Local leaders in Otuke District are growing increasingly concerned about the sluggish pace of construction at Okum Seed Secondary School in Orum Sub-County. This school project, financed by the World Bank with a budget of UGX 2.7 billion under the Uganda Intergovernmental Fiscal Transfer (UgIFT) program, has faced delays since its initiation.
In the previous year, the contract for constructing the school was awarded to M/S Mesco Ltd. In January 2023, the site was officially handed over to the said contractor, with the initial expectation that the project would be completed by July 2024.
However, during a project monitoring visit on November 1, 2023, by a team from the Directorate of Socio-Economic Monitoring at the president’s office, local leaders raised significant concerns regarding the slow progress of the works at Okum Seed Secondary School.
Isaac Keno, the clerk of works for the school project, confirmed that the site was handed over to the contractor in January 2023. He noted, “The contractor has spent approximately 11 months, which is about 61 percent of the allotted time, and the physical progress, according to my calculation, stands at about 12 percent.” Keno further added, “When the contractor completes the slabs for all the structures, it will bring us to about 20 percent completion.”
Challenges with the delivery of materials have contributed to the slow progress.
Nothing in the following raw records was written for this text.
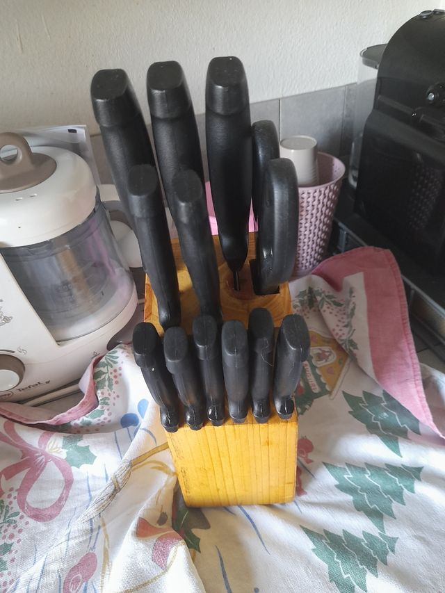 ceppo in legno completo 6 coltelli bistecca 4 coltelli vari 1 forbice 1 forchettone
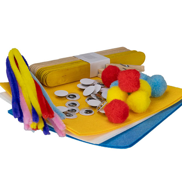 buntes Bastelmaterial wie z.B. Wackelaugen, Wäscheklammer, Chenilledraht, Filz u. v. m. | 8 Anleitungen inkl. Vorlagen | Mitmachbuch mit 16 Seiten | Für die Bastelanleitungen werden zusätzlich noch haushaltsübliche Gegenstände wie Kleber, Schere oder Ähnliches gebraucht.
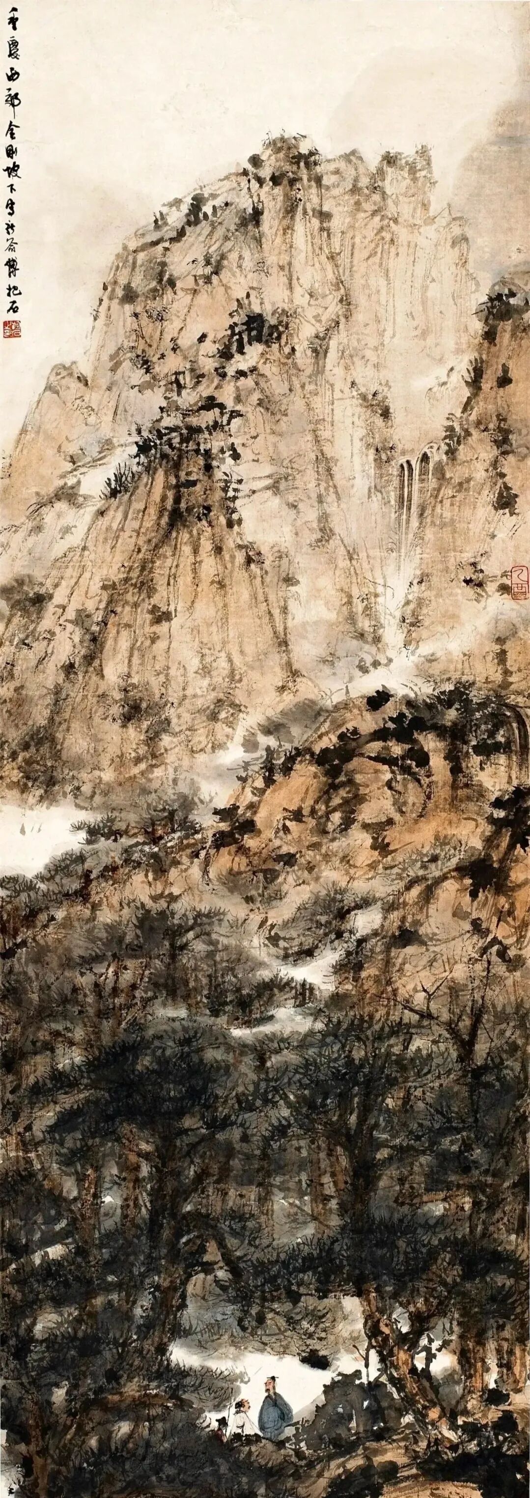 还有一张《待细把江山图画》,名字就起得好。画的是大山大水,层层叠叠的,用笔特别密,那些笔触密密麻麻地挤在一起,看着像是乱,其实一点儿不乱,笔笔都有它的去处。远看是山,近看是笔,再近看,还是山。能把这种本事练出来的人,得有那个心性,得真的跟山水成了朋友,成了亲人,才能画得出来。
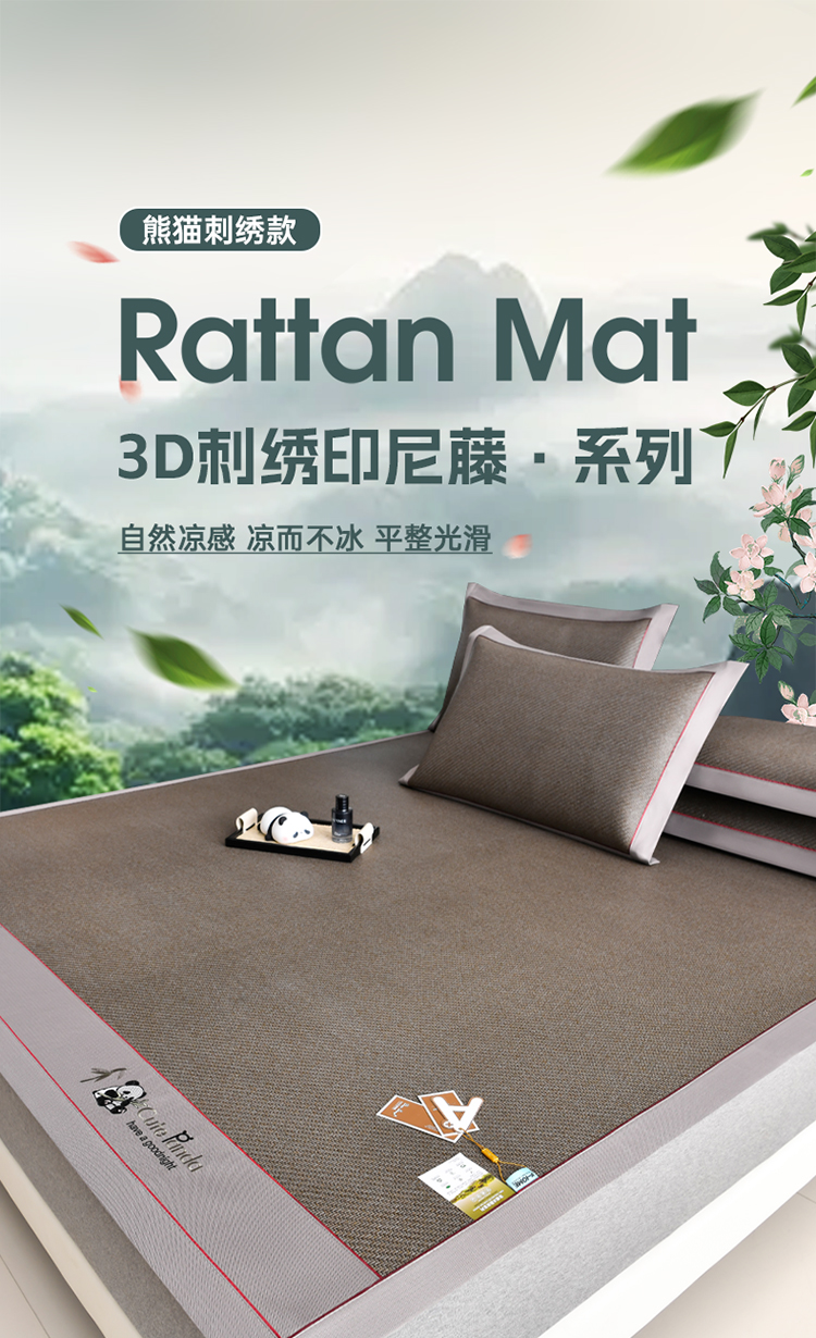 商品名称:小牛席业 2026新款3D刺绣印尼藤-熊猫刺绣款(10斤加厚) 黄藤
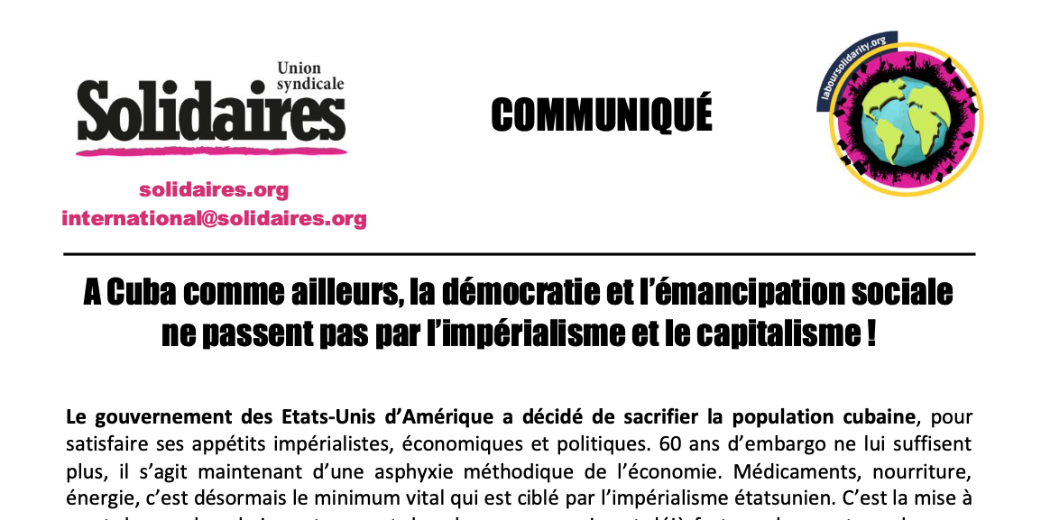 Syndicalistes, notre préoccupation, notre solidarité et le soutien que nous pouvons apporter concernent les travailleurs et travailleuses, le peuple. La centrale syndicale unique cubaine est intégrée à l’Etat. Ce n’est pas le syndicalisme dont nous nous revendiquons. Sur le plan des libertés et des ressources pour vivre, la situation est catastrophique. Mais, à Cuba comme ailleurs, ce n’est pas à des Etats impérialistes de venir faire régner leur loi, qui ne vise nullement à améliorer les choses pour notre classe sociale.
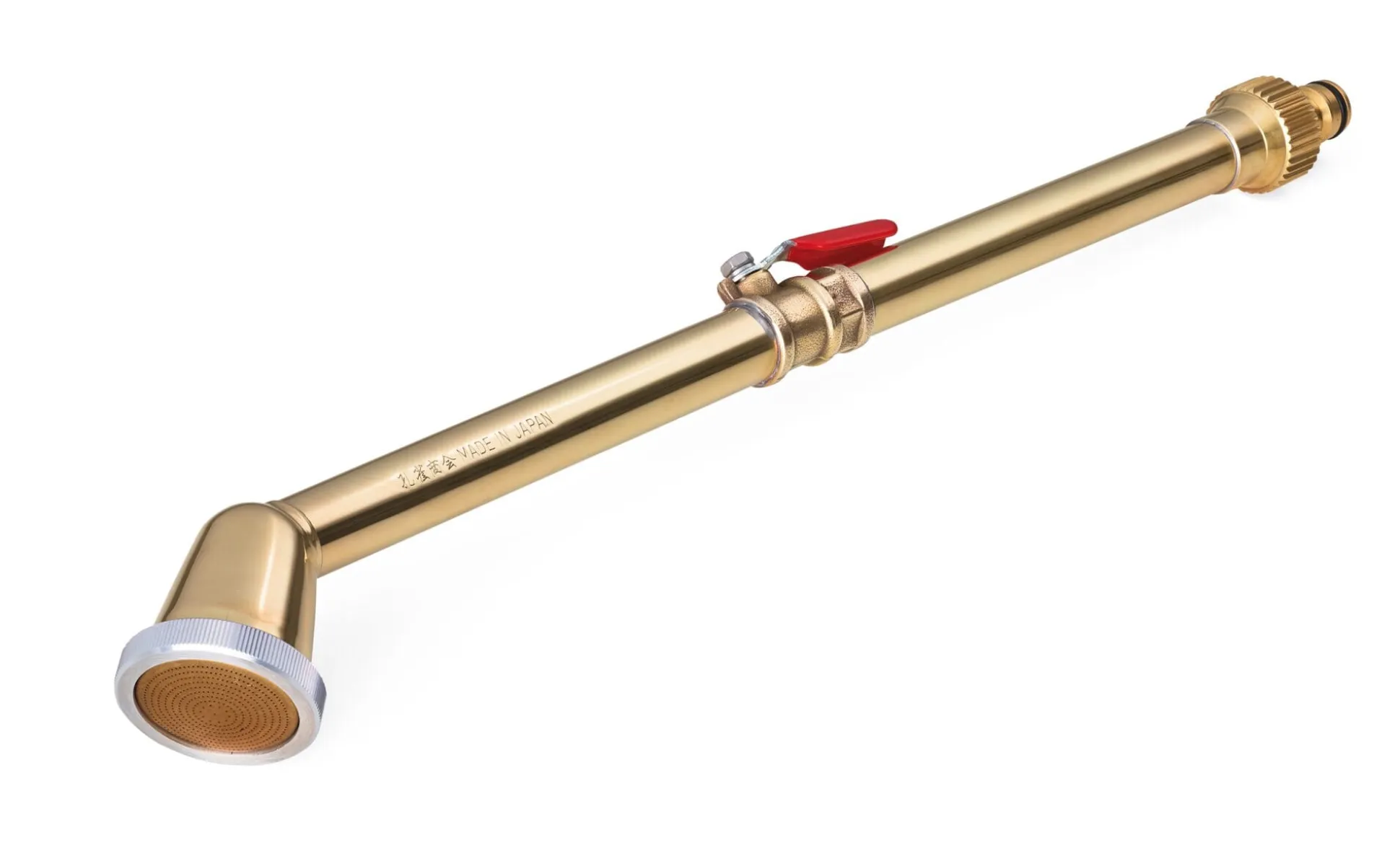 Gießrohr, Brausekopf und Anschlussstecker Messing, Hebel aus Stahl, Rändelmutter Aluminium. Hergestellt in Japan. Länge 43 cm, Brausekopf Ø 4,5 cm. Gewicht 300 g.
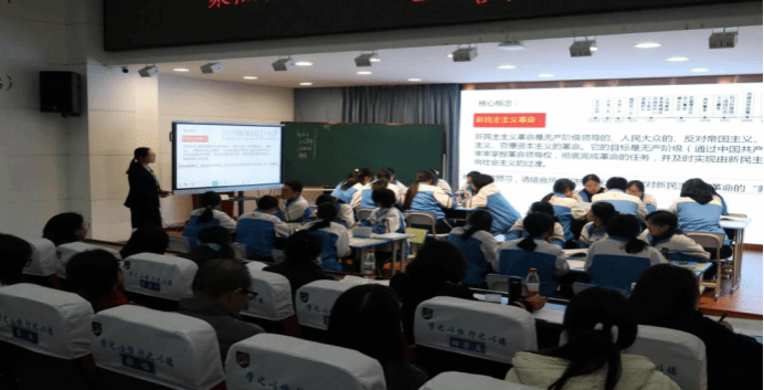 活动现场,哈尔滨市第一二二中学教师王彤创新运用AI技术,精准诊断学情,以《新民主主义革命的探索》为题呈现了一堂兼具趣味性与思辨性的示范课,并结合教学实践展开深度反思。
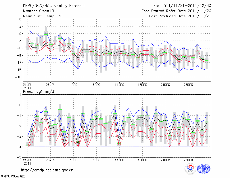 呼和浩特 (LAT:40.82 LON:111.68) 2011-11-21        预测
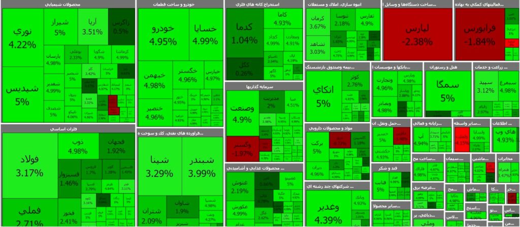 در این روز فولاد، کچاد، شپدیس، پارسان و فملی بیشترین تاثیر را در حرکت رو به جلوی شاخص به ثبت رساندند. این در حالی است که در فرابورس نیز کگهر، آریا و هرمز بیشترین تاثیر را در رشد روبه جلوی شاخص کل فرابورس به ثبت رساندند.
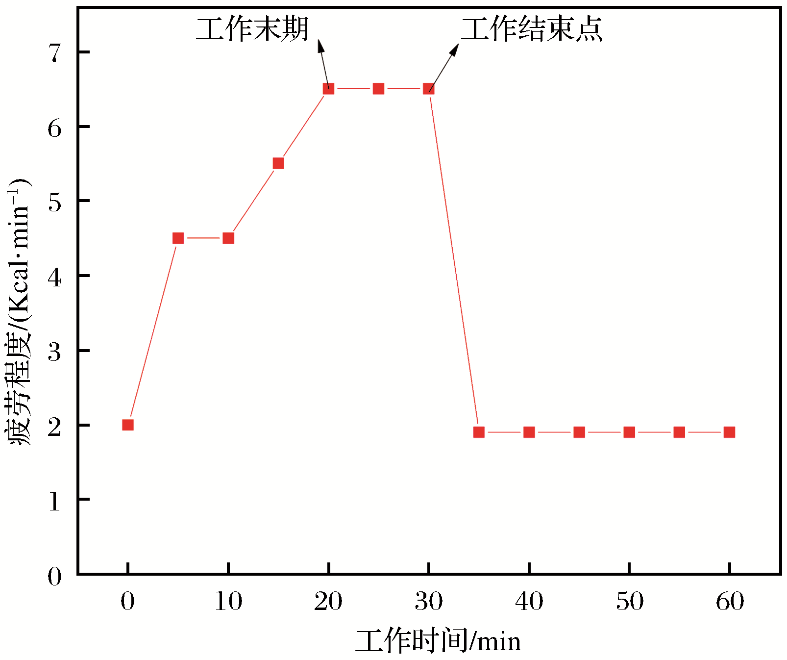 | 图2 手工作业者疲劳程度随作业时间的变化曲线[ |
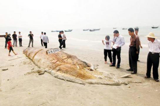 중국에서 몸 길이 17m가 넘는 거대 물고기의 사체가 발견됐다.
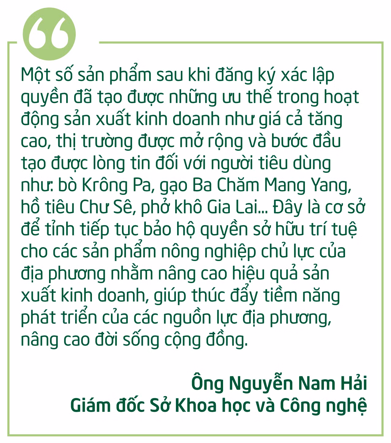 Bên cạnh thiết lập vùng trồng thì việc xây dựng thương hiệu cho sản phẩm sầu riêng của tỉnh cũng hết sức quan trọng. Giai đoạn 2016-2022, Sở Khoa học và Công nghệ đã hỗ trợ và chủ trì lập hồ sơ xác lập quyền cho 10 sản phẩm địa phương được cấp văn bằng bảo hộ, 3 sản phẩm đã nộp đơn đăng ký bảo hộ dưới hình thức nhãn hiệu chứng nhận và có quyết định chấp nhận đơn hợp lệ của Cục Sở hữu trí tuệ, 1 sản phẩm trong giai đoạn hoàn thiện hồ sơ để nộp đơn xin chứng nhận nhãn hiệu. Nói về việc hỗ trợ và chủ trì lập hồ sơ xác lập quyền sở hữu trí tuệ cho sản phẩm sầu riêng, ông Nguyễn Nam Hải-Giám đốc Sở Khoa học và Công nghệ-cho hay: “Nhằm đảm bảo uy tín, chất lượng và nâng cao tính cạnh tranh, khẳng định ưu thế đặc sản sầu riêng Gia Lai, thời gian đến, Sở sẽ phối hợp với các địa phương hoàn thiện các thủ tục để đăng ký bảo hộ quyền sở hữu trí tuệ cho sản phẩm này. Việc đăng ký bảo hộ và quản lý, sử dụng nhãn hiệu các sản phẩm nông nghiệp chủ lực đã được bảo hộ quyền sở hữu công nghiệp có ý nghĩa lớn, tạo thương hiệu có tính bền vững cao.
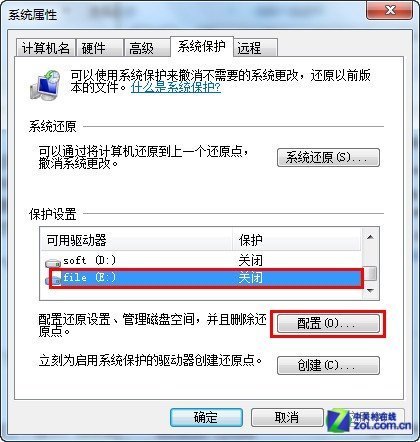 在“保护设置”列表中,选中需要开启还原点设置的驱动器,点击“配置”按钮。
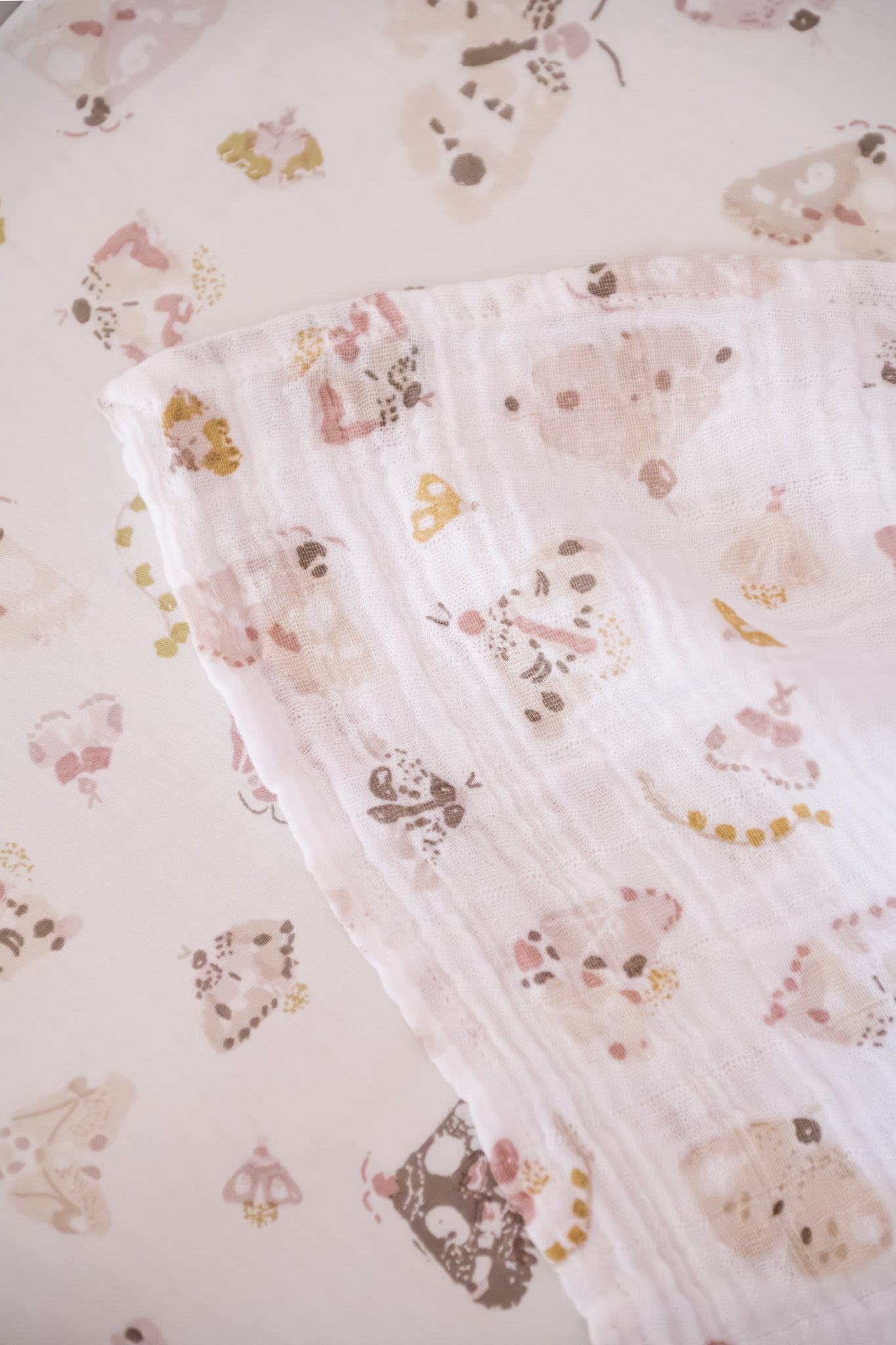 Lightweight and breathable, the airy muslin weave helps regulate temperature, keeping your little one comfy whether it’s nap time or cuddle time.

Keno mentioned that the slow delivery of materials hampers the work, but efforts have been made to address this issue through engagement with the contractor.
James Bwire Ogoola, the contractor’s representative (site engineer), acknowledged the slow pace of the project and cited “internal weaknesses” as a significant factor affecting progress.
Acting district engineer, Jimmy Marks Alany, mentioned that the contractor had already received an advance payment of UGX 524 million toward the closure of the Financial Year 2022/23.
Simon Akileng, the Chief Administrative Officer (CAO), revealed that the same contractor is also involved in a similar project in the neighboring Agago District, which has resulted in delays for both projects. Akileng noted, “Now we will pay him from here, he will run to the other side. That is the challenge we are facing.”
John Robert Adiama Ekaju, the Resident District Commissioner (RDC), observed that between January and June, the site had been abandoned. However, the contractor later picked up the work and resumed construction.
Beatrice Akello Akori, the Minister of State for Economic Monitoring in the Office of the President, urged local leaders to collaborate effectively to maximize the benefits of government projects.